• Action item
Within the entries below, please return exactly the lines from the one with "Раствор для приема" through the one with "Atomic bomb induced", leaving out any pictures.

• Record extracts
------------------------------------

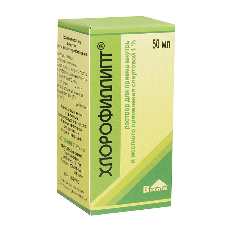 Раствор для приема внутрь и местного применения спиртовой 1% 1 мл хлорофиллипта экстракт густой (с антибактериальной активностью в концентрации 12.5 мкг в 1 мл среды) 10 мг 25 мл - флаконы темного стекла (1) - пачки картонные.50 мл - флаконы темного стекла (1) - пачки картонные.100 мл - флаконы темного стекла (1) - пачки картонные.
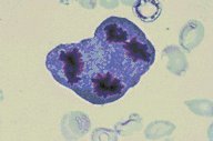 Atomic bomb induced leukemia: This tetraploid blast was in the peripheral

------------------------------------

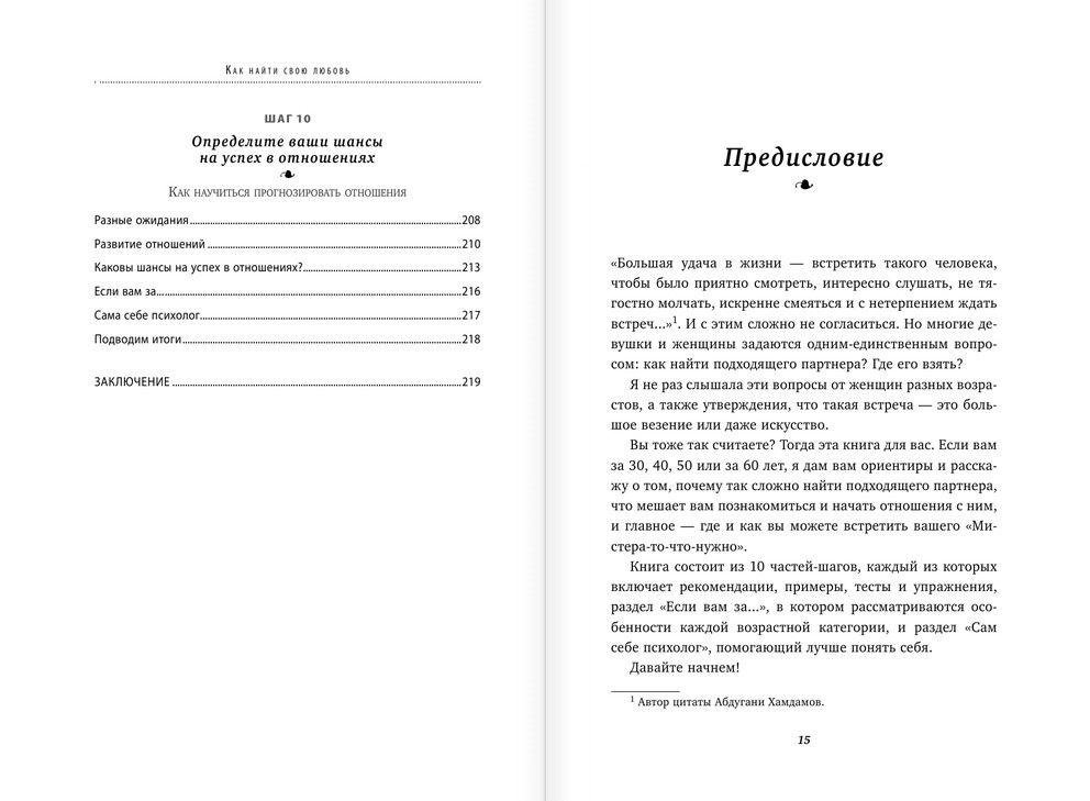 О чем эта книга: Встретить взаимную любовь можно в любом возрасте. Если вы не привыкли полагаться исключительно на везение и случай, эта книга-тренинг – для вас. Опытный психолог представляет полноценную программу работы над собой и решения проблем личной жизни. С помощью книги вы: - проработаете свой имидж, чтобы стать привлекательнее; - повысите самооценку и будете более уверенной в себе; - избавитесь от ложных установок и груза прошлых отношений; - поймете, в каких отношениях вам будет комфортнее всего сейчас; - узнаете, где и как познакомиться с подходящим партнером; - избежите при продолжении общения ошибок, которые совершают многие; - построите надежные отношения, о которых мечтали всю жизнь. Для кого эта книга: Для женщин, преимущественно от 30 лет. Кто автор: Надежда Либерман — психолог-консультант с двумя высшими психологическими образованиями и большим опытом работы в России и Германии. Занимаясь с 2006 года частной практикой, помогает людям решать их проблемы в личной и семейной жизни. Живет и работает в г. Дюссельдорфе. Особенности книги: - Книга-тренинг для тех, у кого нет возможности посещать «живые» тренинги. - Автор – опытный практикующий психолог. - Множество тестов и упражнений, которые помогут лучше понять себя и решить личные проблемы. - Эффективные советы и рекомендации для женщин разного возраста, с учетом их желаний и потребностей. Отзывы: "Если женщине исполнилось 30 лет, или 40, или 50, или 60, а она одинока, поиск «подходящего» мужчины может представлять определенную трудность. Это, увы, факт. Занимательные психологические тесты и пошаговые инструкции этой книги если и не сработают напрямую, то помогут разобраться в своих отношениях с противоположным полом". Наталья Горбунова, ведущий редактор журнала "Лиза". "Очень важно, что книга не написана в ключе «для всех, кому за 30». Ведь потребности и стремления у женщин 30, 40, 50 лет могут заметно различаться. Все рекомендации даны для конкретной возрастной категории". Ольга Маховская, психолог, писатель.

------------------------------------

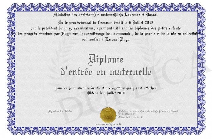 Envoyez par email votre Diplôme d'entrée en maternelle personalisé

------------------------------------

• Your solution
 Раствор для приема внутрь и местного применения спиртовой 1% 1 мл хлорофиллипта экстракт густой (с антибактериальной активностью в концентрации 12.5 мкг в 1 мл среды) 10 мг 25 мл - флаконы темного стекла (1) - пачки картонные.50 мл - флаконы темного стекла (1) - пачки картонные.100 мл - флаконы темного стекла (1) - пачки картонные.
 Atomic bomb induced leukemia: This tetraploid blast was in the peripheral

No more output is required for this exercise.